▶ [INSTRUCTIONS TO FOLLOW] From the line that contains "Contour Polished Brass" through the end of the records below, write out each line exactly as it appears, but not the pictures.

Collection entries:
—————

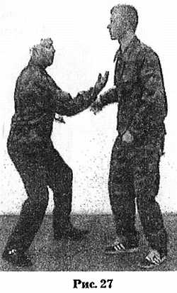 Выбив оружие, подготавливаем атаку ребром ладони уязвимого места противника, в конкретной ситуации – его горла, постоянно осуществляя контроль за возможными его перемещениями (рис. 27).
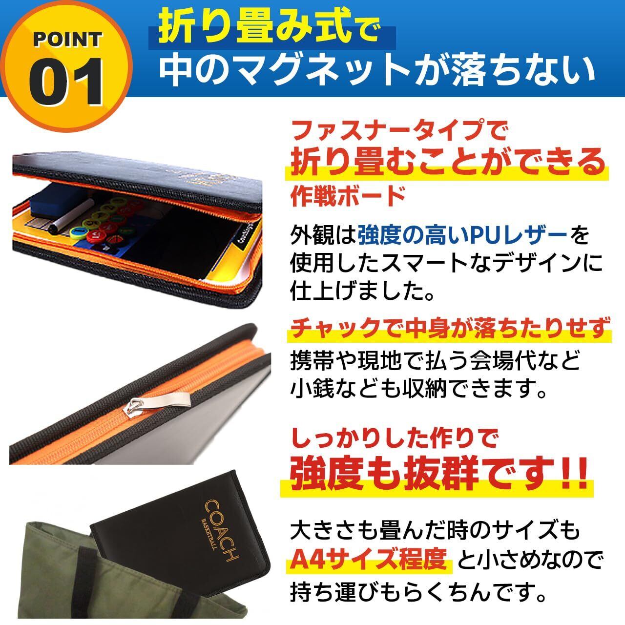 ポイント1【折り畳み式で中のマグネットが落ちない】 ファスナータイプで折り畳むことができる 作戦ボード。外観は強度の高いPUレザーを使用したスマートなデザインに仕上げました。 チャック で中身が落ちたりせず、 携帯や現地で払う会場代など小銭なども収納できます。 しっかりした作りで強度も抜群です!! 大きさも畳んだ時のサイズもA4サイズ程度と小さめなので持ち運びもらくちんです。
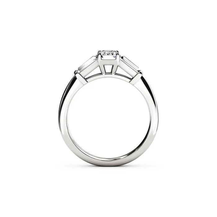 From the exclusive Studio Collection by Fink's Jewelers, this three stone engagement ring features an emerald cut diamond center stone with .15ct baguette side stones on each side. This vintage style engagement ring's emerald diamond center stone is available in a variety of carat weights ranging from .50ct to 2.00ct. This diamond ring is H-I in color and VS2-SI1 in clarity. Every engagement ring is backed by the Fink's Jewelers Lifetime Guarantee.
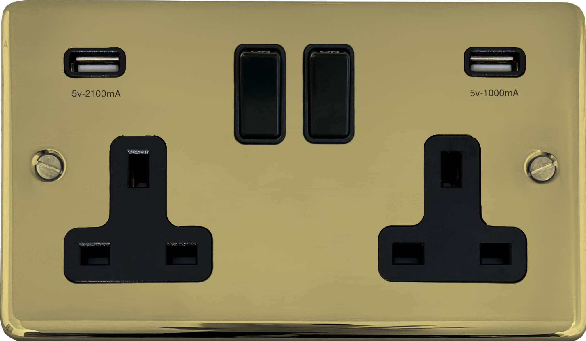 Contour Polished Brass Double Socket with USB (Black Switches) - G+H CB910B
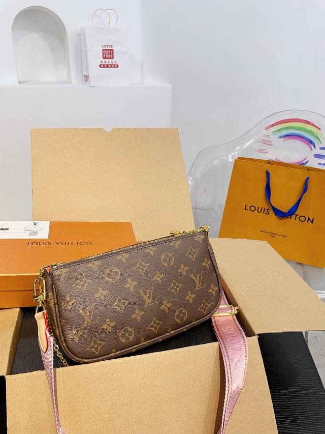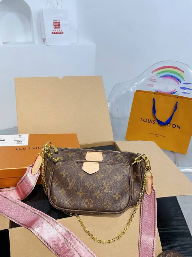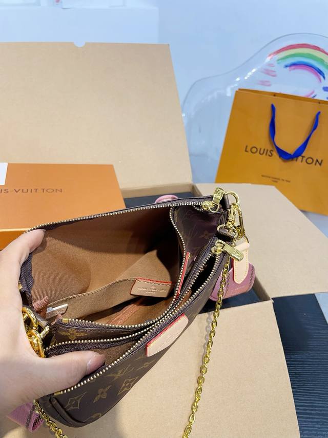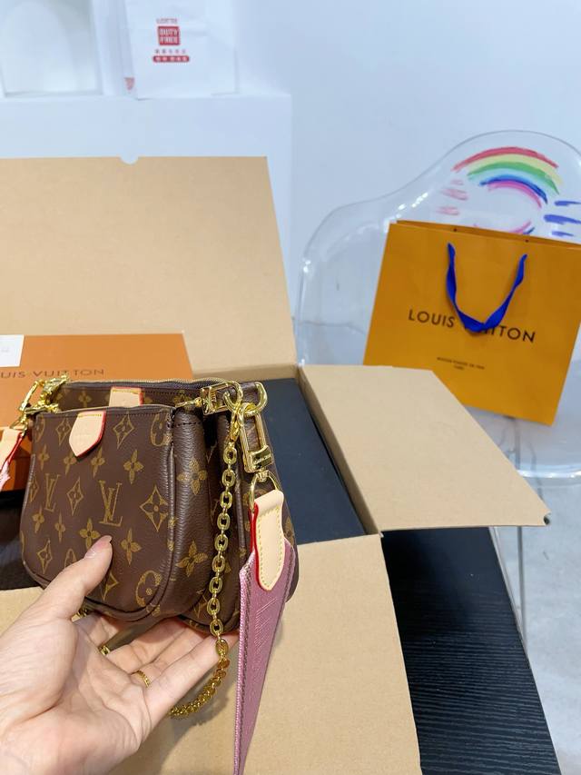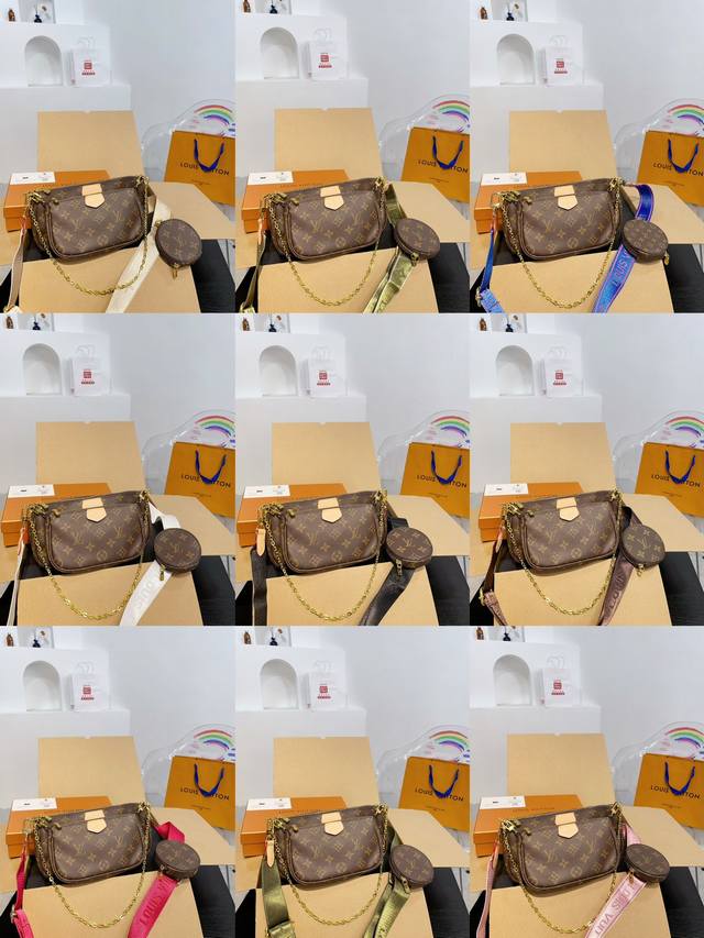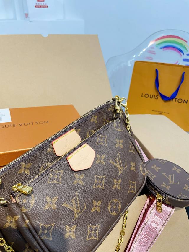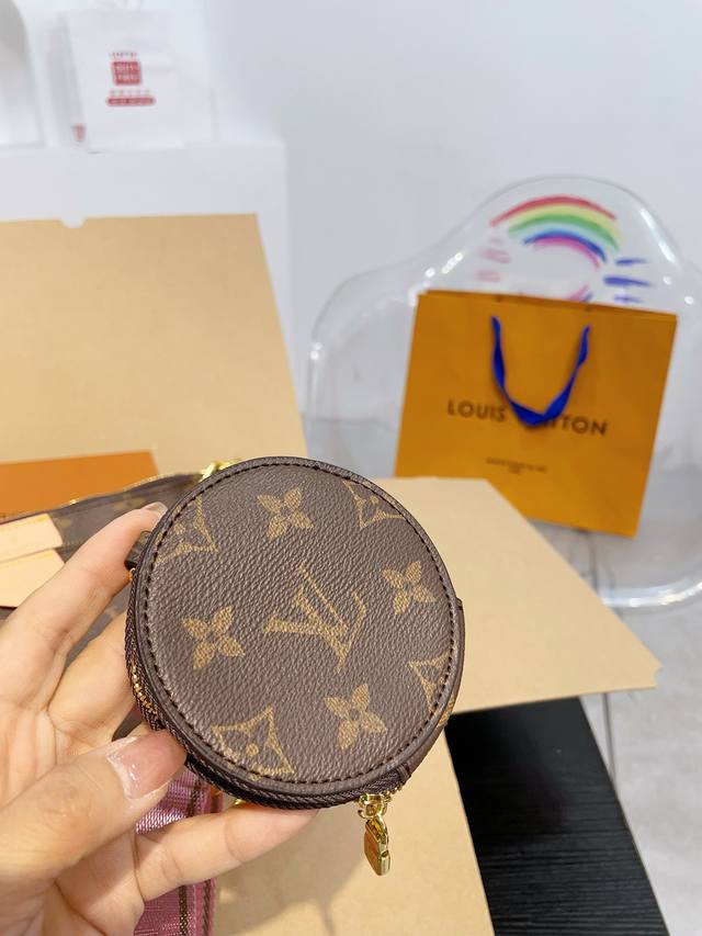 Lv三件套麻将包 柔软的monogram面料+纯钢五金一包四用。可当钥匙包。小容量零钱包、大容量麻将包,编织肩带还可以与其他包包搭配使用。钥匙包可以用来当配饰。秀气的链条小包可单肩可斜挎。超级实用。新颖别致 尺寸:大包23*13Cm 、小包18*11Cm 、圆饼包10Cm

—————

▶ [TASK RESULT]
 Contour Polished Brass Double Socket with USB (Black Switches) - G+H CB910B
 Lv三件套麻将包 柔软的monogram面料+纯钢五金一包四用。可当钥匙包。小容量零钱包、大容量麻将包,编织肩带还可以与其他包包搭配使用。钥匙包可以用来当配饰。秀气的链条小包可单肩可斜挎。超级实用。新颖别致 尺寸:大包23*13Cm 、小包18*11Cm 、圆饼包10Cm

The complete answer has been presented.